━━ Supplied records

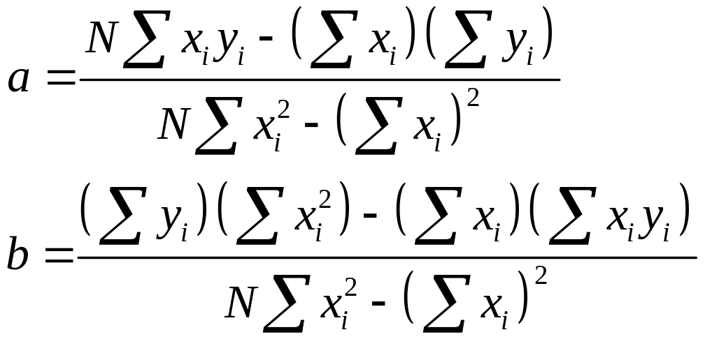 Для определения коэффициентов a и b в эмпирических формулах, можно использовать метод наименьших квадратов:
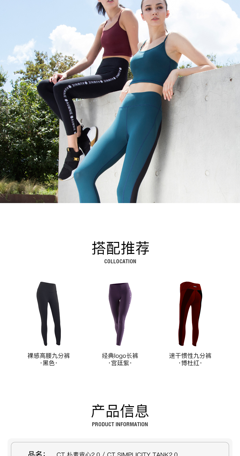 人气热卖全配色 CT朴素瑜伽背心CTSIMPLICITYTANK
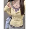 Sweet Fake Two-piece Lace Splicing Long-sleeved T-shirt for Women's Autumn Slim and Thin Pure Desire Bottoming Top
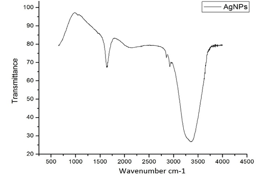 Figure 2 shows the formation of silver nanoparticles at different temperature namely 30, 40, 45 and 50°C. Distinct peak at 427nm is observed at temperature 30 and 40°C. As the temperature is increased further, the sharpness of the peak decreased indicating the agglomeration of nanoparticles. The effect of pH on the nanoparticle formation is studied and showed in Figure 3. From Figure 3 obtained, it is found that the nanoparticles formed at pH 8 were distinct and seems to be less agglomerated due to the sharpness of the peak. Nanoparticles were found to be get agglomerated above pH 8 3. The FTIR peaks (Figure 4) at 3339.69 cm-1 shows the presence of OH groups and 1634.87 cm-1, C=0 groups.4 Thus, the presence of C=O groups and OH groups indicates that it can be attached to cellulose matrix having high concentration of hydroxyl group.
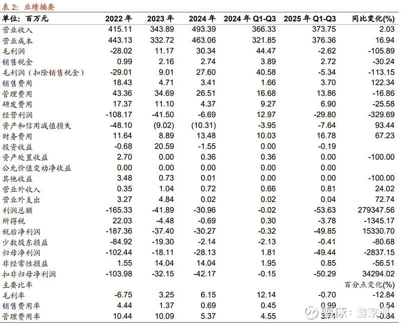 2025年Q1~Q3实现营收3.74亿元,同比增长2.03%;归母净利润-0.49亿元,同比下降2,837.15%,主要系原辅料价格上涨导致成本上升所致。
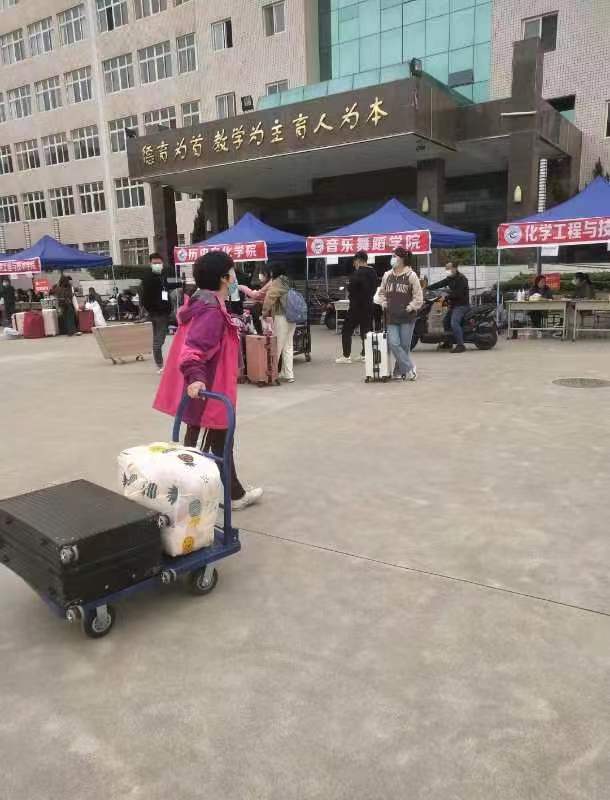 返校中,全体教职工化身志愿者,投入到迎接学生返校工作之中,为返校学生提供志愿服务。一包一包的行李、一句一句的叮咛,一趟一趟的护送……为保障学生安全、顺利、有序返校,我院在严格落实校园疫情防控各项措施的同时,精心部署、周密安排,为返校学生提供精准、便捷、温暖的服务。
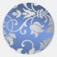 Silver and Blue Damask Design Classic Round Sticker
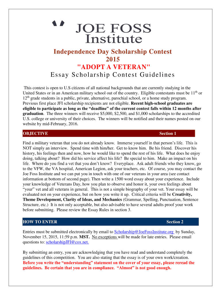 Independence Day Scholarship Contest 2015 “ADOPT A VETERAN Essay Scholarship Contest Guidelines This contest is open to U.S. citizens of all national backgrounds that are currently studying in the
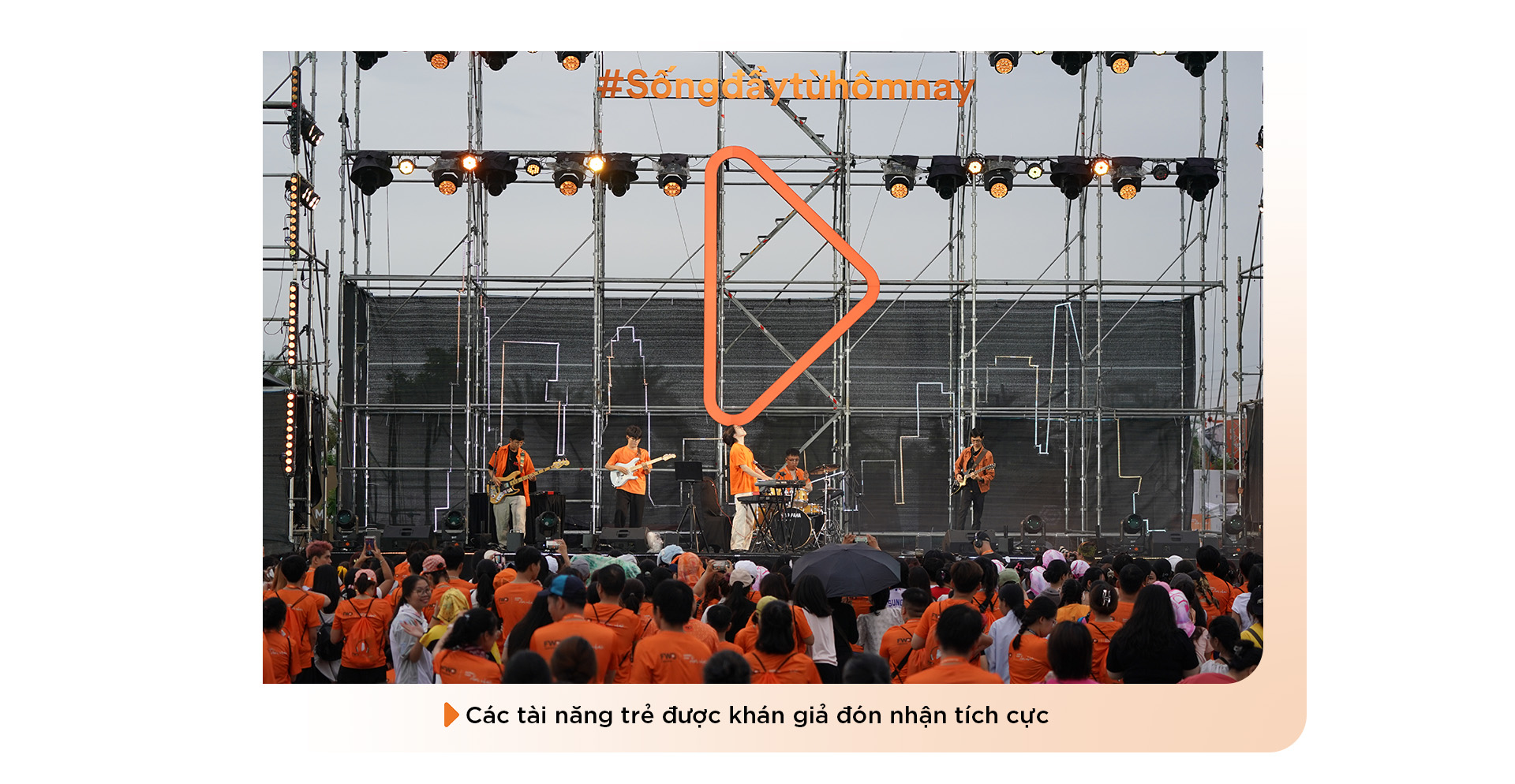 Không dừng lại ở đó, sân khấu chính là nơi tỏa sáng của các ban nhạc trẻ tại TP.HCM. Đứng trước hàng ngàn khán giả, các bạn trẻ không chỉ trình diễn ca khúc của mình mà còn mang theo đam mê, nhiệt huyết và bản lĩnh, thổi bùng không khí phấn khích của toàn sự kiện.

━━━━

_What you are asked to do_
Everything in the listing above is to be given again exactly, apart from the pictures.

_Written answer_
 Для определения коэффициентов a и b в эмпирических формулах, можно использовать метод наименьших квадратов:
 人气热卖全配色 CT朴素瑜伽背心CTSIMPLICITYTANK
 Sweet Fake Two-piece Lace Splicing Long-sleeved T-shirt for Women's Autumn Slim and Thin Pure Desire Bottoming Top
 Figure 2 shows the formation of silver nanoparticles at different temperature namely 30, 40, 45 and 50°C. Distinct peak at 427nm is observed at temperature 30 and 40°C. As the temperature is increased further, the sharpness of the peak decreased indicating the agglomeration of nanoparticles. The effect of pH on the nanoparticle formation is studied and showed in Figure 3. From Figure 3 obtained, it is found that the nanoparticles formed at pH 8 were distinct and seems to be less agglomerated due to the sharpness of the peak. Nanoparticles were found to be get agglomerated above pH 8 3. The FTIR peaks (Figure 4) at 3339.69 cm-1 shows the presence of OH groups and 1634.87 cm-1, C=0 groups.4 Thus, the presence of C=O groups and OH groups indicates that it can be attached to cellulose matrix having high concentration of hydroxyl group.
 2025年Q1~Q3实现营收3.74亿元,同比增长2.03%;归母净利润-0.49亿元,同比下降2,837.15%,主要系原辅料价格上涨导致成本上升所致。
 返校中,全体教职工化身志愿者,投入到迎接学生返校工作之中,为返校学生提供志愿服务。一包一包的行李、一句一句的叮咛,一趟一趟的护送……为保障学生安全、顺利、有序返校,我院在严格落实校园疫情防控各项措施的同时,精心部署、周密安排,为返校学生提供精准、便捷、温暖的服务。
 Silver and Blue Damask Design Classic Round Sticker
 Independence Day Scholarship Contest 2015 “ADOPT A VETERAN Essay Scholarship Contest Guidelines This contest is open to U.S. citizens of all national backgrounds that are currently studying in the
 Không dừng lại ở đó, sân khấu chính là nơi tỏa sáng của các ban nhạc trẻ tại TP.HCM. Đứng trước hàng ngàn khán giả, các bạn trẻ không chỉ trình diễn ca khúc của mình mà còn mang theo đam mê, nhiệt huyết và bản lĩnh, thổi bùng không khí phấn khích của toàn sự kiện.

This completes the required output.